_What needs to be done_
The records that follow are to be given again exactly, with their pictures omitted.

_Input material_
=====
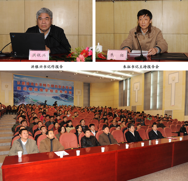 洪银兴书记传达了党的十八大会议的总体情况、十八大报告的主要内容、修改党章的有关情况以及胡锦涛同志在江苏代表团的重要讲话和活动,并对十八大报告的主要内容进行了重点阐述,详细解读了十八大的新思想、新观点、新要求。洪银兴书记以自己独特的视角、理性的思辨、深切的感悟、睿智的认识,畅谈了他对中国特色社会道路、中国特色社会主义理论体系和中国特色社会主义制度的理解,以及对报告提出的作为我们发展中国特色社会主义共同信念的“八个坚持”、基本国情及党和国家的奋斗目标的深刻认识,并对经济建设、政治建设、社会建设、文化建设、生态文明建设和党的建设做了详细的阐述,尤其对十八大报告中教育的阐述进行了全面分析,分享了自己的深刻感悟。洪银兴书记强调,我们要高举中国特色社会主义伟大旗帜,紧密团结在习近平为总书记的党中央周围,为全面建成小康社会而奋斗,不断夺取中国特色社会主义新胜利,共同创造中国人民和中华民族更加幸福美好的未来。
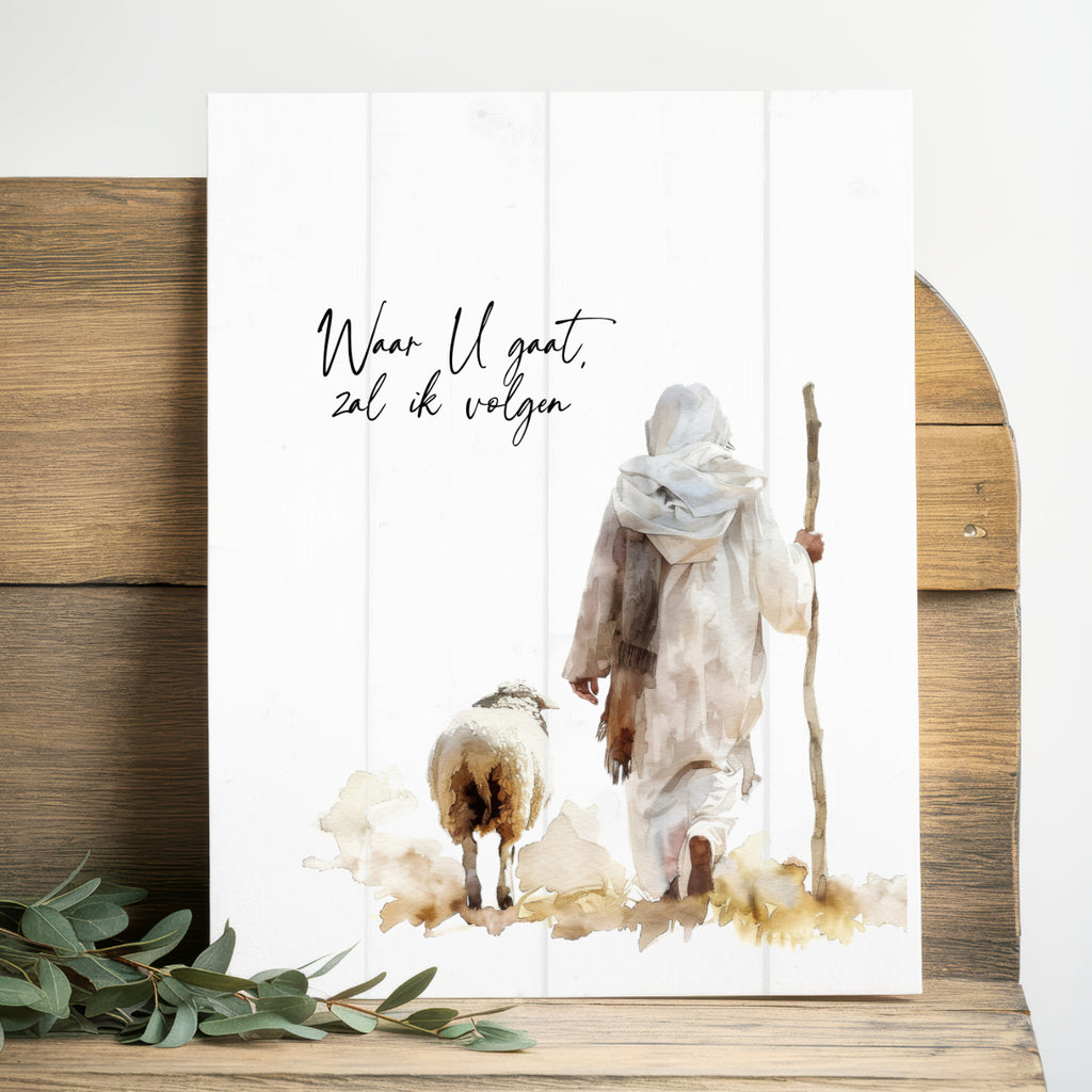 Het bord is voorzien van een verstelde afbeelding van de Herde met een schaap van zijn kudde.
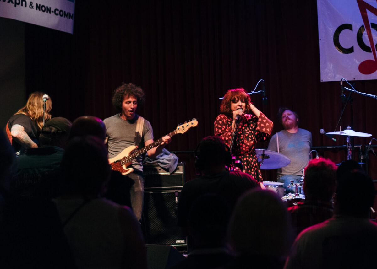 Sweet Spirit are the powder keg of NonCOMM, just waiting to explode given the opportunity. Thursday night on the upstairs stage at World Cafe Live, the band had their chance. World Cafe host Talia Schlanger introduced the band by asking the crowd to feel their foreheads, received with confusion among the crowd. Schlanger followed it up quickly, saying “I guarantee you it will be dripping by the end.” She wasn’t wrong.
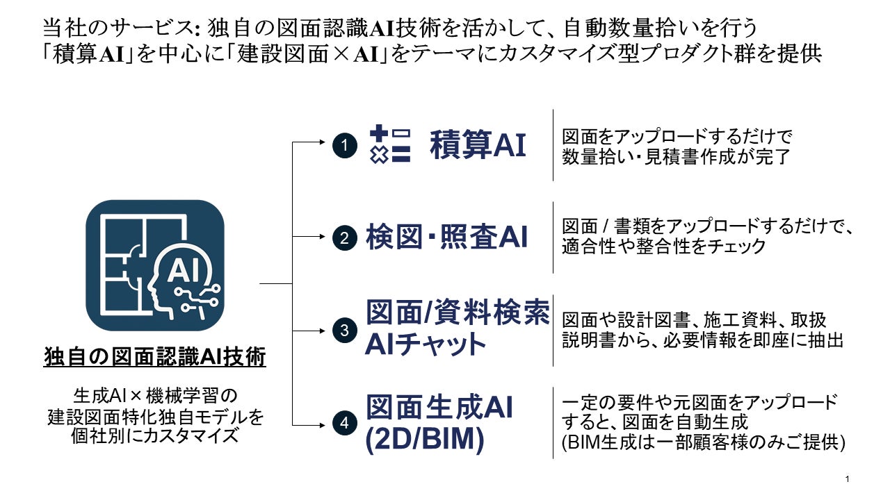 2024年11月、建設・製造業界の企業様向けに当社初となる3つの独自AIプロダクト「図面トレースAI/積算AI/照査AI」をリリースいたしました。(現在は図面トレースAIは積算AIの1機能としてご提供、照査AIは検図・照査AIに名称変更済)
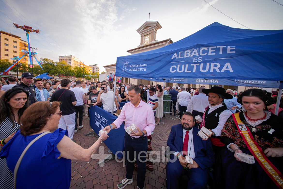 En el reparto han estado el alcalde de Albacete, Manuel Serrano; y el alcalde de La Roda, Juan Ramón Amores, junto a los Manchegos de Feria.
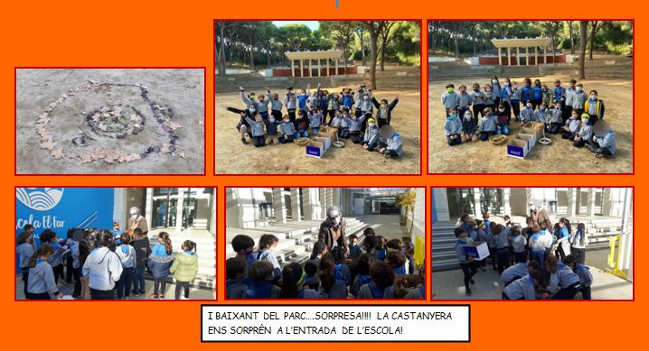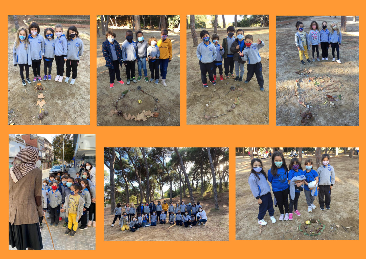 I quina sort tenim de poder gaudir molt a prop de l’escola del nostre fantàstic entorn natural: el Pati de l´Ós del Parc Dalmau. Poder observar els diferents colors de la tardor, manipular diferents elements i olorar-los, ens ha fet passar una tarda de dimarts de tardor ben distreta i divertida. Per grupets hem fet “creacions de Landart” a partir dels elements naturals que teníem i dels que hem trobat. La paraula Landart és una corrent d’art que utilitza el paisatge natural i els elements de la natura com a base per les seves creacions. De tornada a l’escola hem tingut la sorpresa de veure la Maria Castanyera que ens esperava per saludar-nos i desitjar-nos una bona castanyada.
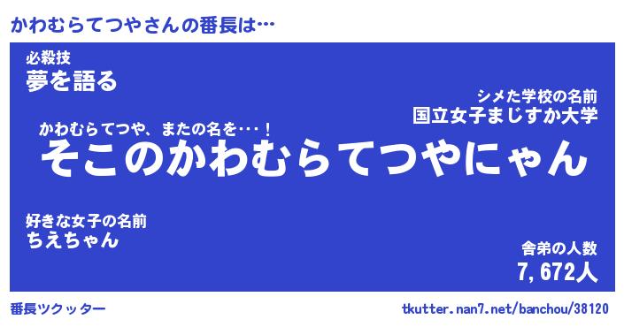 | 肩書あだ名 | 『かわむらてつや店長』 |
=====
_Task result_
 洪银兴书记传达了党的十八大会议的总体情况、十八大报告的主要内容、修改党章的有关情况以及胡锦涛同志在江苏代表团的重要讲话和活动,并对十八大报告的主要内容进行了重点阐述,详细解读了十八大的新思想、新观点、新要求。洪银兴书记以自己独特的视角、理性的思辨、深切的感悟、睿智的认识,畅谈了他对中国特色社会道路、中国特色社会主义理论体系和中国特色社会主义制度的理解,以及对报告提出的作为我们发展中国特色社会主义共同信念的“八个坚持”、基本国情及党和国家的奋斗目标的深刻认识,并对经济建设、政治建设、社会建设、文化建设、生态文明建设和党的建设做了详细的阐述,尤其对十八大报告中教育的阐述进行了全面分析,分享了自己的深刻感悟。洪银兴书记强调,我们要高举中国特色社会主义伟大旗帜,紧密团结在习近平为总书记的党中央周围,为全面建成小康社会而奋斗,不断夺取中国特色社会主义新胜利,共同创造中国人民和中华民族更加幸福美好的未来。
 Het bord is voorzien van een verstelde afbeelding van de Herde met een schaap van zijn kudde.
 Sweet Spirit are the powder keg of NonCOMM, just waiting to explode given the opportunity. Thursday night on the upstairs stage at World Cafe Live, the band had their chance. World Cafe host Talia Schlanger introduced the band by asking the crowd to feel their foreheads, received with confusion among the crowd. Schlanger followed it up quickly, saying “I guarantee you it will be dripping by the end.” She wasn’t wrong.
 2024年11月、建設・製造業界の企業様向けに当社初となる3つの独自AIプロダクト「図面トレースAI/積算AI/照査AI」をリリースいたしました。(現在は図面トレースAIは積算AIの1機能としてご提供、照査AIは検図・照査AIに名称変更済)
 En el reparto han estado el alcalde de Albacete, Manuel Serrano; y el alcalde de La Roda, Juan Ramón Amores, junto a los Manchegos de Feria.
 I quina sort tenim de poder gaudir molt a prop de l’escola del nostre fantàstic entorn natural: el Pati de l´Ós del Parc Dalmau. Poder observar els diferents colors de la tardor, manipular diferents elements i olorar-los, ens ha fet passar una tarda de dimarts de tardor ben distreta i divertida. Per grupets hem fet “creacions de Landart” a partir dels elements naturals que teníem i dels que hem trobat. La paraula Landart és una corrent d’art que utilitza el paisatge natural i els elements de la natura com a base per les seves creacions. De tornada a l’escola hem tingut la sorpresa de veure la Maria Castanyera que ens esperava per saludar-nos i desitjar-nos una bona castanyada.
 | 肩書あだ名 | 『かわむらてつや店長』 |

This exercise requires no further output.